# Dog licking and smacking lips



## Love That Mack

My 5ish year old pit/lab mix smacks and licks his mouth/lips a lot, most often at night. Sometimes this is accompanied by growling if the other dogs come near. He's not a sloppy dog at all, but he's over-salivated a few times, generally before puking. The vet says he's doing all this to try NOT to puke. (He's always had a sensitive stomach.) 

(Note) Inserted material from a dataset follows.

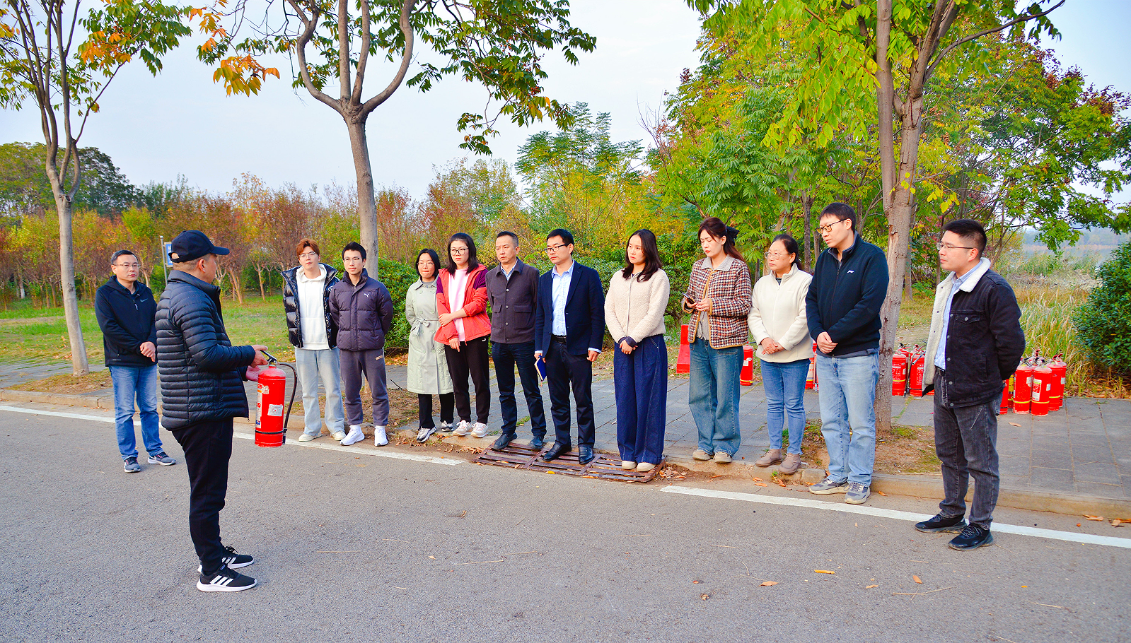 下午4:30,模拟火灾现场设置在建筑材料垃圾场,专业消防人员首先进行了火灾常识的讲解,包括火灾的常见原因、初期火灾的扑救方法、逃生技巧等。随后,参与的师生在消防人员的指导下,进行了实际操作演练。

He hasn't thrown up in several weeks, but he's still doing the licking/smacking/swallowing thing. Lymph nodes are normal and there are no other outward signs of anything wrong -- regular appetite, regular energy level, nothing abnormal in his mouth, throat not inflamed. Any ideas? He definitely seems uncomfortable when he does it. I'm about to take him to a different vet but I wanted to see if anyone has experienced a similar situation with their dog.


----------



## MegaMuttMom

Smacking and licking lips can be a calming signal and a sign that your dog is stressed. Combine that with the growling to keep other dogs away, I would think about what your dog is saying. Does he have a place to go to where he won't be bothered when he is trying to rest? Here is something to read that may help you decide if this is what is going on. http://www.wagntrain.com/BodyLanguage2.htm


----------



## Love That Mack

That's a great article -- thank you! I was thinking this could be part of it, but he also does it when he's perfectly safe and not bothered by the other dogs, such as when he's in his bed and the other dogs are in their crates. I'll keep researching the behavior angle though -- I would rather it be something like that than a physical problem!


----------



## nemraciram

Hi, I am new in this forum. I realize that my response is way delayed, but I am posting it anyway in the hope that it may help somebody else. 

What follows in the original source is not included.